Ha pasado ya el tiempo de aquellas humillaciones piadosas para unos y no tanto para otros, cuando se imponían con dudosa intencionalidad. Se ha vuelto a la raíz, como nos ha recordado M. Hildegarda esta semana al hablarnos de la Carta de Caridad. Algunos valores de nuestra sociedad democrática son herencia del cristianismo, incluso del monaquismo, que se han desvirtuado.

No debemos disimular los pecados, nos dice san Benito, no minimizar nuestras faltas, pues de aprendeos den nuestros errores, así como también de la reprensión, interpelación o exhortación. Lo que cuenta es es progresar, caminar hacia Cristo. Esto no quiere decir adoptar un continuo sentimiento de culpabilidad, ni tampoco adoptar una moral laxa. Cuando hacemos una cosa mala, cuando no hacemos bien, somo nosotros mismos quienes nos hacemos conscientes, sino es que ya hicimos la falta con cierta premeditación. Y estas faltas viene de nuestra insatisfacción, de una cierta frustración, al no conseguir lo que queríamos, quizás satisfacer nuestro capricho.

Se explica que un santo estaba cansado de las peticiones de un devoto y le dijo: “He decidido concederte las tres cosas que me pides. Después ya no te daré nada más”

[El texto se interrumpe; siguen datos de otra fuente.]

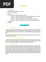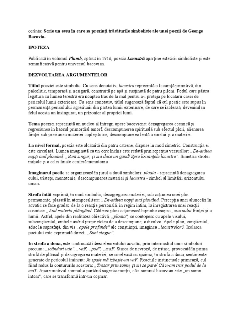 IPOTEZA Publicat n volumul Plumb, aprut n 1916, poezia Lacustr aparine esteticii simboliste i este semnificativ pentru universul bacovian. DEZVOLTAREA ARGUMENTELOR Titlul poeziei este simbolic. Cu sens denotativ, lacustra reprezint o locuin primitiv, din paleolitic, temporar i nesigur, construit pe ap i susinut de patru piloni. Podul care pstra legtura cu lumea terestr era noaptea tras de la mal pentru a-i proteja pe locatarii casei de pericolul lumii exterioare. Cu sens conotativ, titlul sugereaz faptul c eul poetic este supus n permanen pericolului agresiunii din partea lumii exterioare, de care se izoleaz, devenind n felul acesta un nsingurat, un prizonier al propriei lumi. Tema poeziei reprezint un nucleu al ntregii opere bacoviene: dezagregarea cosmic i regresiunea n haosul primordial amorf, descompunerea spiritual sub efectul ploii, alienarea fiinei sub presiunea materiei copleitoare, descompunerea lent a sinelui i a materiei. La nivel formal, poezia este alctuit din patru catrene, dispuse n mod simetric. Construcia ei este circular. Lumea imaginat ca un cerc nchis este redat prin repetiia versurilor: De-attea nopi aud plound, Sunt singur, i m duce un gnd/ Spre locuinele lacustre". Simetria strofei iniiale i a celei finale confer monotonia. Imaginarul poetic se organizeaz n jurul a dou simboluri: ploaia - reprezint dezagregarea eului, tristee, monotonie, descompunerea materiei i lacustra - simbol al limitrii orizontului uman. Strofa nti exprim, n mod simbolic, dezagregarea materiei, sub aciunea unei ploi permanente, plasat n atemporalitate: De-attea nopi aud plound. Percepia unei alunecri n acvatic se face gradat, de la o reacie personal, n regim intim, la nregistrarea unei reacii cosmice: Aud materia plngnd. Cderea ploii acioneaz hipnotic asupra somnului fiinei i a lumii. Astfel, apele din realitatea obiectiv, ploaia", se contopesc cu apele visului, subcontientul, ambele avnd proprietatea de a descompune, a dizolva. Apele ploii, contientul, aduc la suprafa, din vis apele profunde" ale contiinei, imaginea lacustrelor3. Izolarea poetului este exprimat direct: Sunt singur". In strofa a doua, este continuat ideea elementului acvatic, prin intermediul unor simboluri precum: scnduri ude", vaF, pod", maF. Starea de nevroz, de iritare, provocat n prima strof de plnsul i dezagregarea materiei, se coreleaz cu spaima, n strofa a doua, sentimente generate de pericolul iminent: Jn spate m izbete-un vaF. Reaciile instinctuale primeaz, eul fiind redus la contururile acestora: Tresar prin somn, i mi se pare/ C n-am tras podul de la maT. Apare motivul somnului purtnd sugestia morii, cci somnul bacovian este un somn ntors", care se transform ntr-un comar.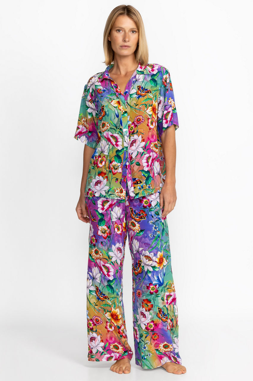 Reimagining classic pajamas, the Brooklyn Long Set is the perfect way to modernize your sleepwear. Featuring a button front top and elastic waist pant, this luxurious duo is thoughtfully constructed from the softest silk. Layer with the Cozy Robe for an evening on the patio enjoying your favorite book.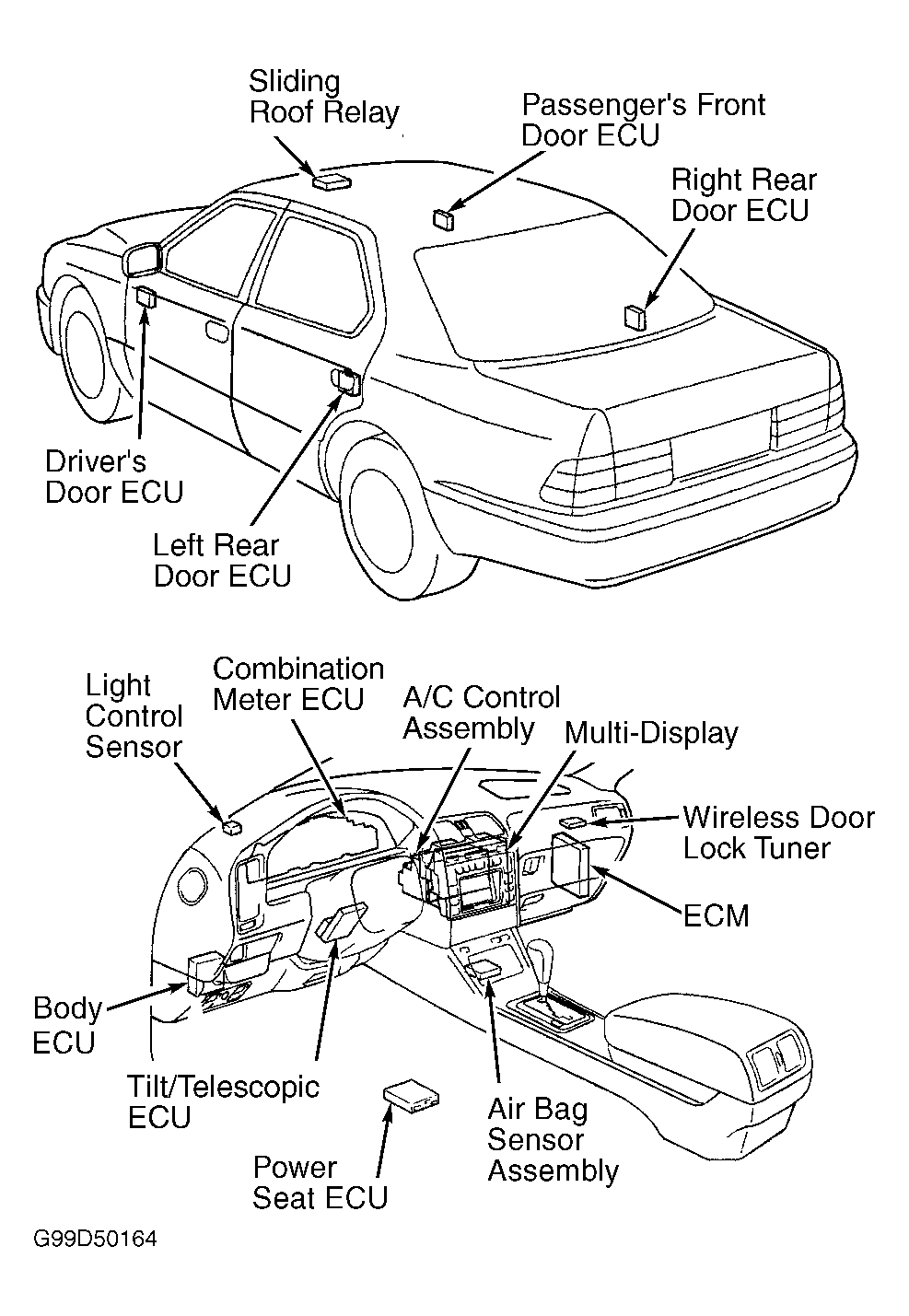 The multiplex control system consists of a body Electronic Control Unit (ECU) connected to 2 communication buses. The door system communication bus includes driver's door ECU, passenger's front door ECU, left rear door ECU, right rear door ECU, memory power seat ECU (if equipped), sliding roof control relay (if equipped), and tilt and telescopic ECU. The instrument panel system communication bus includes combination meter ECU, A/C control assembly, multi-display (if equipped) and Engine Control Module (ECM). See Fig 1. Both buses are connected to body ECU through their own bus cut-relay. The multiplex control system is also equipped with a self-diagnostic function. Some electrical systems are directly connected to the body ECU, while some electrical loads and switches are connected to the appropriate system ECU.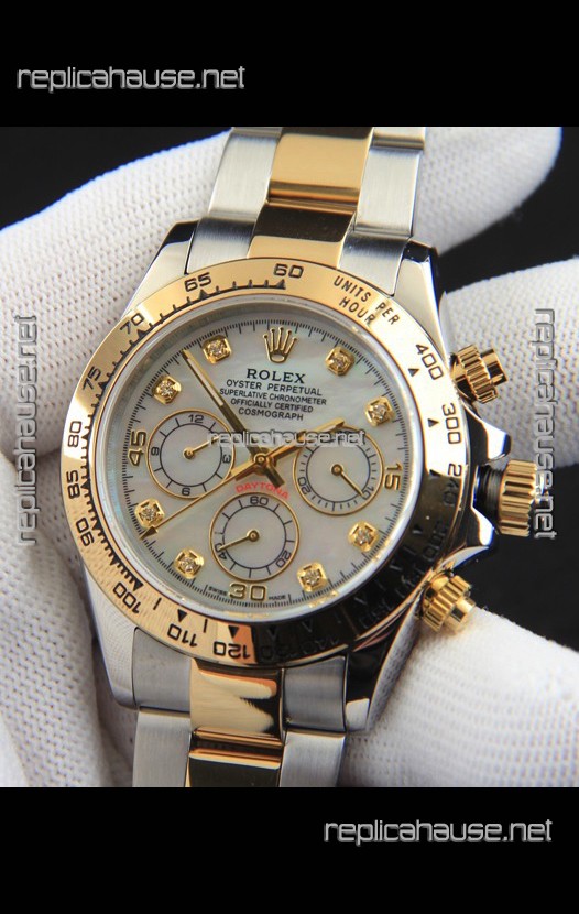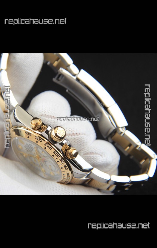 Rolex Daytona Japanese Movement Two Tone Gold Casing Watch in Pearl Dial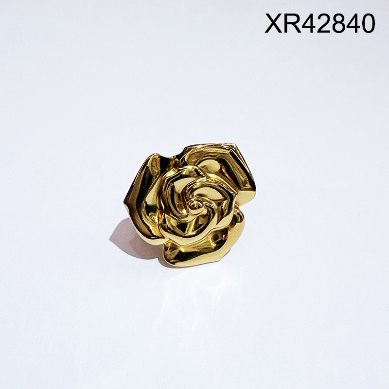Level C Stainless Steel New Trendy Women Jewelry Flower Golden Open Rings;Ring size can be adjusted freely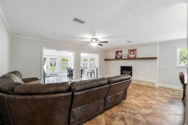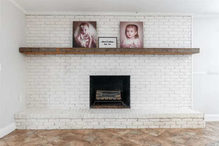 Inside, this 4-bedroom, 2-bath home offers a flexible layout ideal for multi-generational living, guests, or working from home. Crown molding flows throughout, and two separate living areas provide room to spread out — one anchored by a cozy electric brick fireplace, the other ideal as a living and dining combination. The oversized kitchen delivers abundant counter space, a breakfast bar, and a gas range for everyday living and entertaining.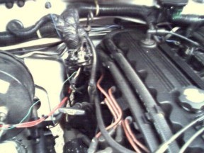 The wiring is fairly straight forward and not as hard as one would think. The black wire from the trip computer goes to the speed pulse wire which I picked up at the top of the firewall and on the XJ '95's I have done was a white wire with an orange stripe, ( left picture above dip stick ). I had located this by following the wires from the speedo drive at the transfer case and then jacked up the rear wheels and had someone turn them while I probed the speedo wires until I found the one that pulsed with my multimeter. The brown wire from the trip computer goes to the injector and you just connect to the wire which is not common among the others which in my case is light green with a black stripe, ( right picture next to pcv valve ). It does not matter which one of the injectors you choose so I used the one closest to the firewall. For the remaining wires I tapped them all into the plug that went to the door buzzer module which I had disconnected the first day I got the car home. The orange wire goes to permanent 12 volts which was the black with yellow stripe. The green wire goes to ground which connected to the all black wire and the blue wire and white wires I connected to the white with black stripe which was 12 volts accessories. The white wire from the computer can also be connected to the headlight switch so it only dims the display when you have them on but found the display way to bright even in the middle of the day so leave it permanently dimmed by wiring it as shown.

El devoto lleno de gozo hizo su primera petición:  que muriese su mujer, pues no podía soportarla. Pero cuando logró esto fue consciente de no haber reconocido lo suficiente las virtudes de su mujer, y ahora la encontraba a faltar. Entonces pidió al santo que le devolviese la vida. Al que no ya más que una petición, pasó unos años atormentado en pensar cual podía ser esta tercera petición, y pedía consejo a los demás. Finalmente pidió consejo al mismo santo, y éste le respondió: “Pide ser capaz de estar satisfecho con lo que el Señor te ofrece, sea lo que sea, sin atormentarte por desear lo de los otros”. Sucede que empleamos muchos esfuerzos en intentar sacarnos de encima lo que nos molesta, más que el mirar de poder aceptarlo.

Tenemos que poner a Dios por delante, en cuanto apuntan las faltas, intentar extirparlas de raíz y dejar que nos ayuden a extirparlas, si nosotros no nos vemos con fuerza o no podemos. No nos agrada que nos corrijan, que nos enmienden la plana, pero debemos confiar en Aquel que está por encima de todo, que quiere nuestro bien, y es a quien hemos venido a buscar al monasterio.

Nos dice san Pablo: “Mirad de no convertir la libertad en un pretexto para hacer vuestra propia voluntad” (Gal 5,14)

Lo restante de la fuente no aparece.